After Felice married Gian Giordano, she was able to reach an accord with her father. As wife of an influential Roman lord, she had a position in her own right in Rome and her new status appears to have eased the tension and ambiguities between the Pope and his illegitimate daughter. Julius had taken his revenge on his daughter for her stubbornness by removing himself from her wedding ceremony. After the marriage had taken place he felt they could begin anew and that he could give her greater public recognition. On
15
June
1506
, Julius II invited the newlyweds to the Vatican where in his very apartments, as an emissary wrote to Mantua, ‘he held a great banquet for them, which they attended, along with several Roman lords, the Prefect of Rome, and four cardinals. There was singing and dancing.’ Moreover, ‘eight days previously, the Pope had sent the Lady Felice a cross which the Republic of Venice had just sent to him’.
1
This cross, made of diamonds, became a particularly treasured possession in Felice’s life, not least because it marked her father’s new recognition amidst those at court who mattered most.

 

In May
1507
, the Ferrarese ambassador gave another account of Felice’s newly honoured status:

Yesterday, Madonna Felice, the daughter of His Holiness, entered Rome, accompanied by Gian Giordano, her husband, Lord Antonio de Cordova, Signor Julio Orsini and several other gentlemen. There were around forty horsemen. The lady was dressed in black velvet, and on her head was a white velvet hat, in accordance with Spanish custom. Before her rode the bride of Lord Antonio, who is very young, around twelve years old. She was also dressed in dark damask, and rode a mule which had a saddle fashioned like a chair. They went by way of the Via de Banchi to the Belvedere where they found His Holiness. The party went back to Monte Giordano around midnight. This evening His Holiness went on horseback to the Prati [the fields backing on to the Vatican complex] and took dinner in the gardens of Monsignor Ascanio Sforza, where the lady Felice and these other gentlemen were also to be found. Accompanying His Holiness were the Cardinals of Pavia, Volterra and Urbino.
2

Felice’s status in Rome was due in part to her husband’s rank. However, the Vatican’s ambassadors found her to be of greater significance than Gian Giordano, who is emphatically a secondary subject in their accounts. In the years when Julius was attempting to arrange Felice’s second marriage, she was kept away from the spotlight. Now she made triumphal entrances into Rome and attended parties hosted by cardinals where she was the female guest of honour – if not the only woman present. Such events played a major part in Felice’s positioning of herself within Vatican court politics. It became increasingly evident that she was more important to her father than she had initially appeared.

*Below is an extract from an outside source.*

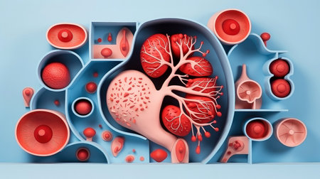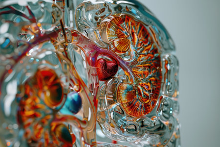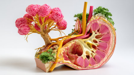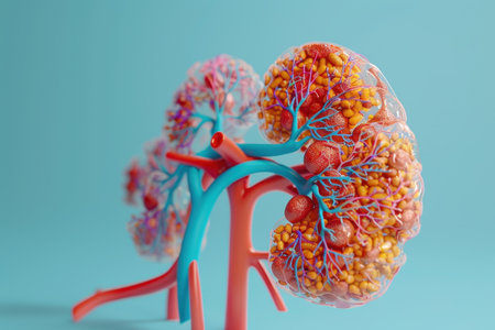 This vibrant 3D rendering showcases a human kidney with intricate vascular structures, ideal for educational and medical use. The creative design highlights the organ's anatomy and surrounding features in a visually appealing format.

There were other ways in which Julius acknowledged Felice beyond the confines of the Vatican. On
25
March
1508
, Julius embarked on one of the year’s traditional state processions. The feast day he was celebrating was the Annunciation, when the pope travelled from the Vatican to the church of Santa Maria sopra Minerva in the heart of Rome, not far from the Pantheon. There he enacted a ceremony initiated during Sixtus IV’s reign, handing out bags of money as dowries to worthy poor girls of that neighbourhood. The route he chose took him by Monte Giordano as, according to Paris de Grassis, ‘he wished to see the repairs to buildings around Monte Jordanus’.
3
For Julius, ceremonial marches were a good opportunity to observe the progress of ongoing urban renewal. The beautification of the Via Papalis, the street on which Monte Giordano was situated, was of particular importance. This ‘papal’ street was the chief parade route through the city. Restoring it, after all the troubles of the fourteenth century, clearing away rubble and cleaning the façades of damaged buildings, enhanced the prestige of the papacy. However, the crowd of onlookers all recognized that Monte Giordano was his daughter’s new home and percieve the symbolism of Julius, on his way to serve as emblematic father to the girls of the parish of Santa Maria sopra Minerva, electing to pass by the Roman home of his real daughter.

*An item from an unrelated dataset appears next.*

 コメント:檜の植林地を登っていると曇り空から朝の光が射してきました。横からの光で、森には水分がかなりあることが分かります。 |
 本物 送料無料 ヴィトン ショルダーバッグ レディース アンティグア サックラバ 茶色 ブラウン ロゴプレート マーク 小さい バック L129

Attention, public and private, was not the only way Julius rewarded Felice. He had given his daughter a relatively meagre dowry, but that money was not the last Felice would receive from him. Usually, the dowry was a woman’s only share in her family estate. Although law dictated that Felice’s dowry would be returned to her on her husband’s death, Gian Giordano had spent the money buying back confiscated Orsini land. Extracting it would prove difficult. However, in addition to the dowry handed over to her husband, Julius subsequently gave money directly, if discreetly, to Felice. This cash gift did not pass through Gian Giordano, who could potentially siphon it away from her, to spend as he chose. Late in
1508
, Felice received
9000
ducats from her father. Given to her secretly, without legal transaction, the money was more than half of her original
15
,
000
-ducat dowry. It was hers to spend as she wished.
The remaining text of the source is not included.